------ Data block

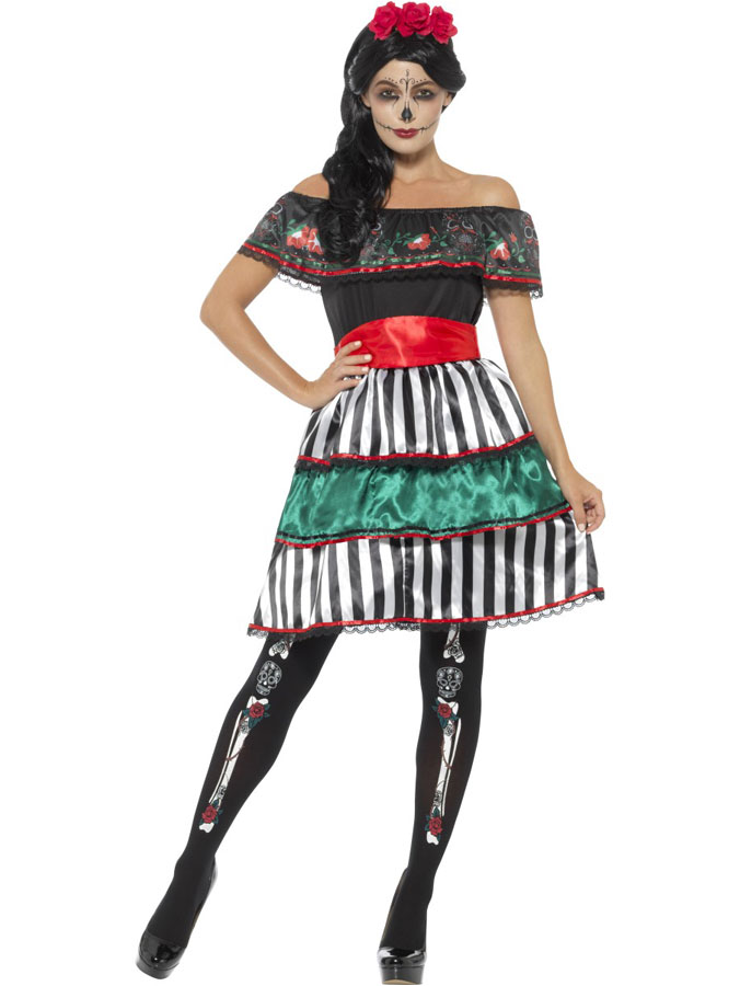 Day of the Dead Klänning Senorita omfattar en detaljrik klänning med en tre-lagers kjol som kommer i flera färger och mönster i temat Day of the Dead. Klänningen har ett resårband kring midja samt ärmar, och ett extra tyglager vid översta delen med tryck av dödskallar och rosor.
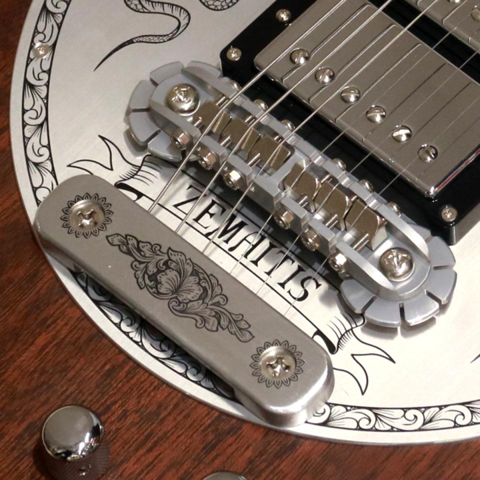 ゼマイティス・オリジナルのアルミ合金を使用したブリッジ&テイルピースを搭載し、ゼマイティス独自のトーンを生み出す要素となっています。
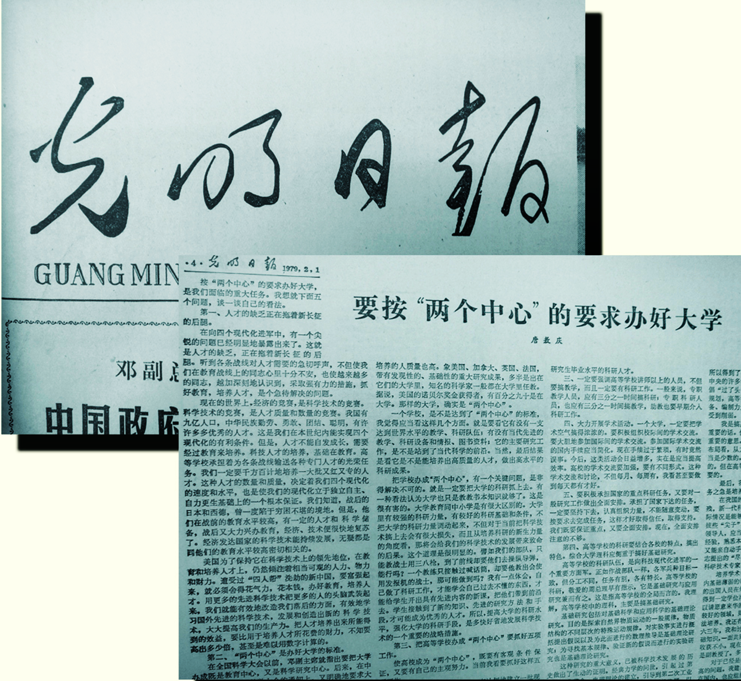 1979年2月1日,唐敖庆在《光明日报》上发表《要按“两个中心”的要求办好大学》的文章,全面论述了把重点大学建设成为教育与科研“两个中心”对于国家建设事业及办好公司的重要意义。文章的核心思想,成为了当时EMC易倍平台各项工作的重要指导思想,也标志着唐敖庆“两个中心”办学思想的形成和明确。
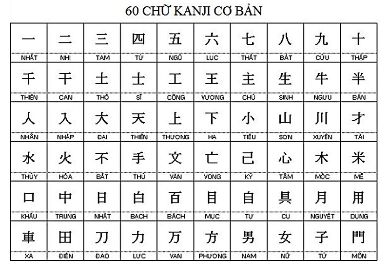 Hiện nay, trong từ điển chữ Hán có khoảng 50.000 chữ Kanji. Tuy nhiên với những người học tiếng Nhật chỉ cần biết khoảng 2000 chữ Kanji thông dụng là đã đủ để giao tiếp và làm việc một cách chuyên nghiệp rồi. Những chữ cái Kanji mà chúng ta cần học là những chữ được sử dụng rộng rãi trong đời sống và sinh hoạt hàng ngày, trong cả công việc, học tập và giao tiếp thông thường. Dưới đây là bảng chữ cái Kanji cơ bản nhất cho người mới bắt đầu:

------------

* **Task directions**: From the first line to the last, transcribe the listing exactly; skip the pictures.

* **Written solution**:
 Day of the Dead Klänning Senorita omfattar en detaljrik klänning med en tre-lagers kjol som kommer i flera färger och mönster i temat Day of the Dead. Klänningen har ett resårband kring midja samt ärmar, och ett extra tyglager vid översta delen med tryck av dödskallar och rosor.
 ゼマイティス・オリジナルのアルミ合金を使用したブリッジ&テイルピースを搭載し、ゼマイティス独自のトーンを生み出す要素となっています。
 1979年2月1日,唐敖庆在《光明日报》上发表《要按“两个中心”的要求办好大学》的文章,全面论述了把重点大学建设成为教育与科研“两个中心”对于国家建设事业及办好公司的重要意义。文章的核心思想,成为了当时EMC易倍平台各项工作的重要指导思想,也标志着唐敖庆“两个中心”办学思想的形成和明确。
 Hiện nay, trong từ điển chữ Hán có khoảng 50.000 chữ Kanji. Tuy nhiên với những người học tiếng Nhật chỉ cần biết khoảng 2000 chữ Kanji thông dụng là đã đủ để giao tiếp và làm việc một cách chuyên nghiệp rồi. Những chữ cái Kanji mà chúng ta cần học là những chữ được sử dụng rộng rãi trong đời sống và sinh hoạt hàng ngày, trong cả công việc, học tập và giao tiếp thông thường. Dưới đây là bảng chữ cái Kanji cơ bản nhất cho người mới bắt đầu:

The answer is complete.